[Opening Entries provided section]
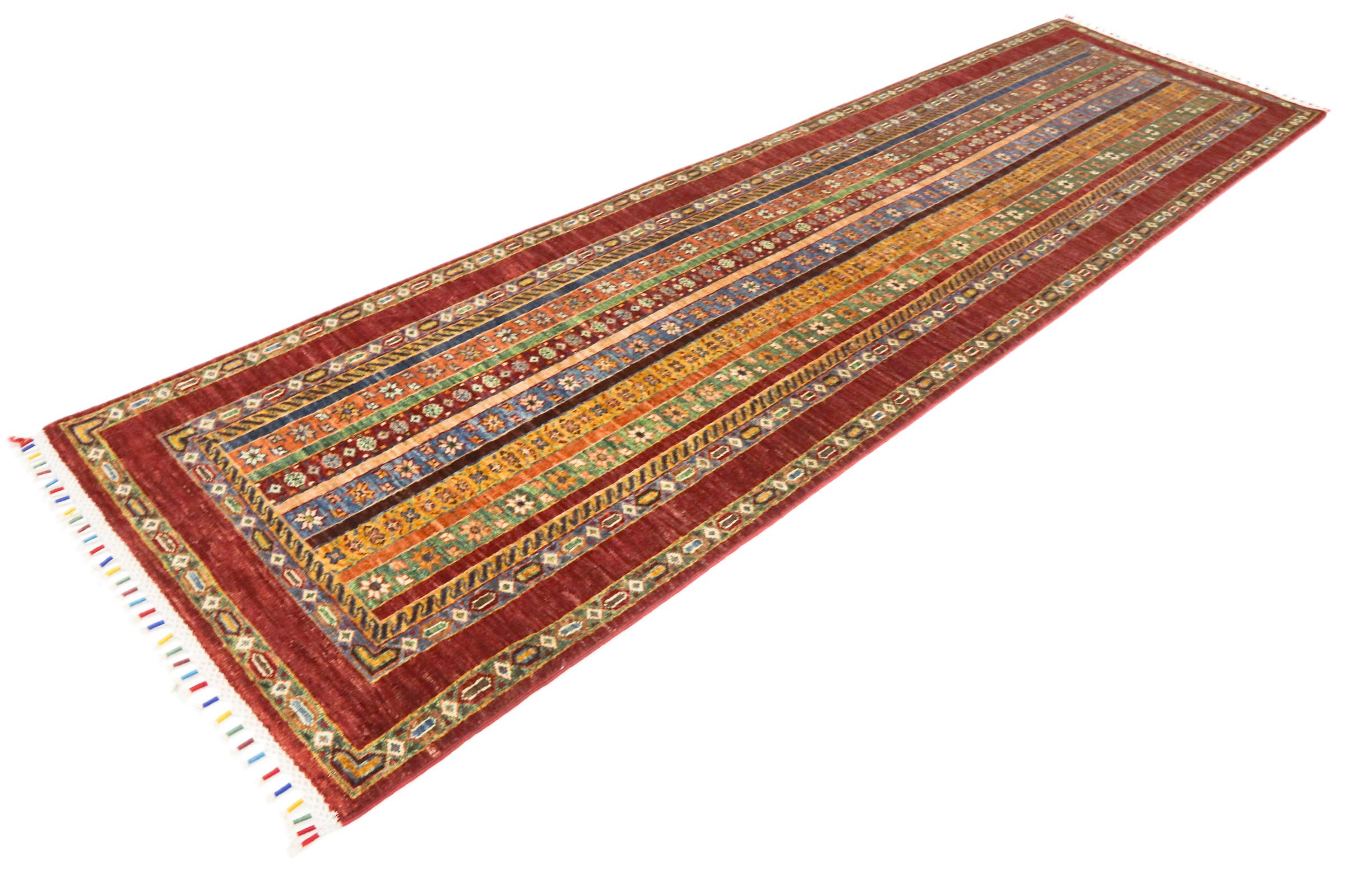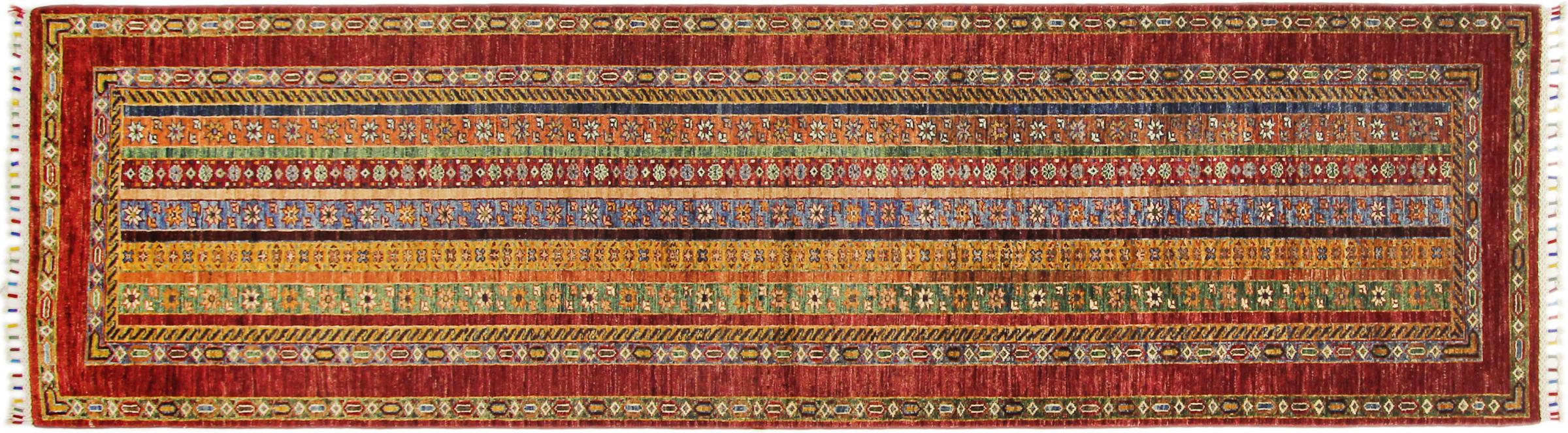Nº do Tapete: 173227001403575 Tamanho: 310x86 cm Espessura: aproximadamente 5 mm Nós: 128 000 - 160 000 / m² Processamento: Atado à mão Veludo: Lã tecida à mão Urdidura: Algodão Origem: Afeganistão Idade: Novo Peso: aproximadamente 9 kg Em armazém: Único
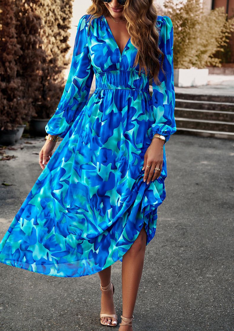 Cette robe midi à manches longues séduit par son imprimé tropical aux nuances de bleu et vert, parfait pour égayer votre garde-robe. Sa coupe fluide et son col en V mettent en valeur la silhouette tout en offrant un confort absolu.
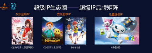 通过十一年的潜心服务,功夫动漫打造了数量惊人的超级IP品牌矩阵,其中包括女孩超级IP《东方可儿》,男孩超级IP《小王子与土豆仔》、《单车侠》,新零售超级IP《笨笨鼠》,教育超级IP《汉字侠》,城市超级IP《狮来运转》、《三星堆·荣耀觉醒》、产业超级IP《三只松鼠》、《超级伊仔》等等数十个超级IP。
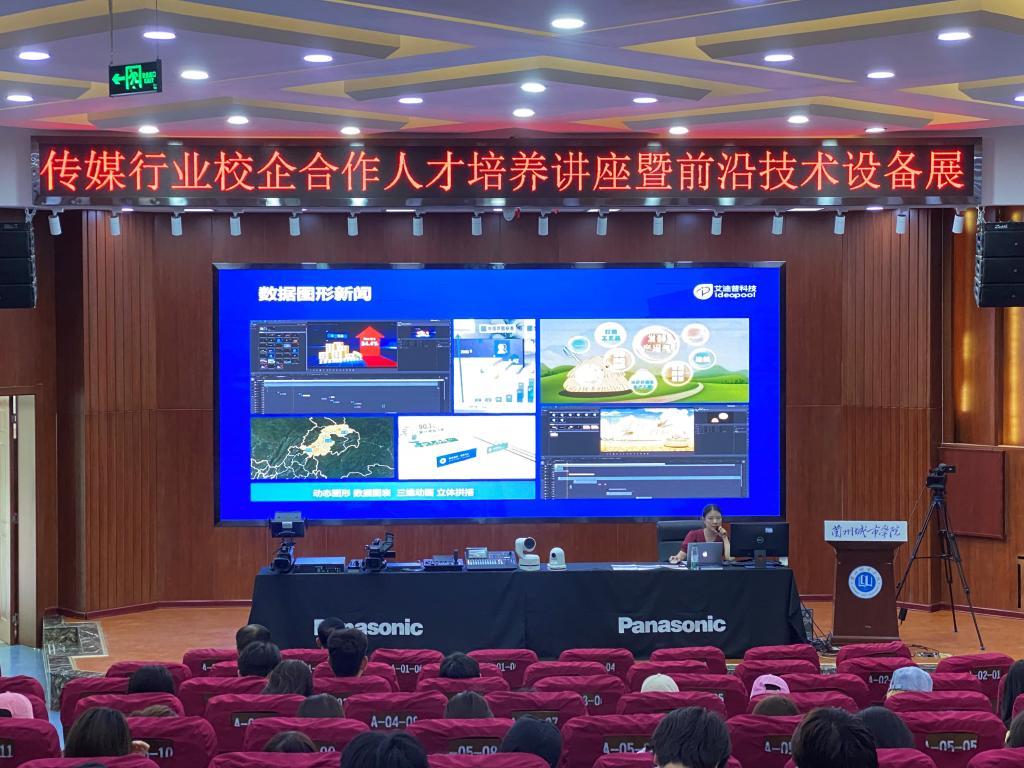 艾迪普科技股份有限公司西区大区经理王婷从行业发展趋势、人才需求、技能提升等多个角度阐述了校企合作开展数字内容产业人才培养的意义与途径,并对媒体融合的前沿动态进行了详尽介绍。松下电器(中国)有限公司系统营销公司销售经理王凌讲授并演示了4K智能化节目制作设备与流程。师生现场观看并体验参展的最新型摄像机、数字切换台、特技台、数字捕捉摄像头等设备。
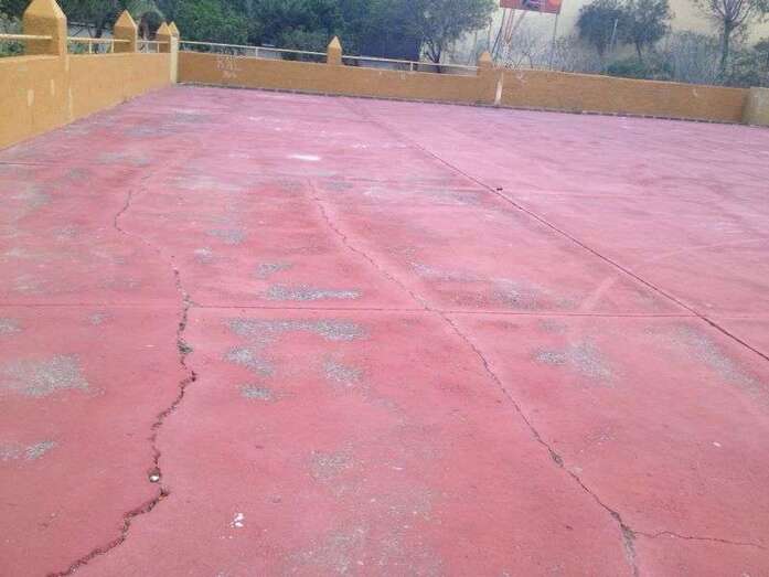 Lo mismo sucede con el parque infantil, donde el firme de caucho está ya totalmente levantado, el tobogán y los columpios retirados y muchos accesorios rotos y en mal estado. O la cancha deportiva situada entre el bloque 4 y el 5, falta de limpieza, pintura y equipamiento.
[Closing Entries provided section]
What is expected:
Return the whole of the material above exactly, with no picture carried over.

Result of this task:
Nº do Tapete: 173227001403575 Tamanho: 310x86 cm Espessura: aproximadamente 5 mm Nós: 128 000 - 160 000 / m² Processamento: Atado à mão Veludo: Lã tecida à mão Urdidura: Algodão Origem: Afeganistão Idade: Novo Peso: aproximadamente 9 kg Em armazém: Único
 Cette robe midi à manches longues séduit par son imprimé tropical aux nuances de bleu et vert, parfait pour égayer votre garde-robe. Sa coupe fluide et son col en V mettent en valeur la silhouette tout en offrant un confort absolu.
 通过十一年的潜心服务,功夫动漫打造了数量惊人的超级IP品牌矩阵,其中包括女孩超级IP《东方可儿》,男孩超级IP《小王子与土豆仔》、《单车侠》,新零售超级IP《笨笨鼠》,教育超级IP《汉字侠》,城市超级IP《狮来运转》、《三星堆·荣耀觉醒》、产业超级IP《三只松鼠》、《超级伊仔》等等数十个超级IP。
 艾迪普科技股份有限公司西区大区经理王婷从行业发展趋势、人才需求、技能提升等多个角度阐述了校企合作开展数字内容产业人才培养的意义与途径,并对媒体融合的前沿动态进行了详尽介绍。松下电器(中国)有限公司系统营销公司销售经理王凌讲授并演示了4K智能化节目制作设备与流程。师生现场观看并体验参展的最新型摄像机、数字切换台、特技台、数字捕捉摄像头等设备。
 Lo mismo sucede con el parque infantil, donde el firme de caucho está ya totalmente levantado, el tobogán y los columpios retirados y muchos accesorios rotos y en mal estado. O la cancha deportiva situada entre el bloque 4 y el 5, falta de limpieza, pintura y equipamiento.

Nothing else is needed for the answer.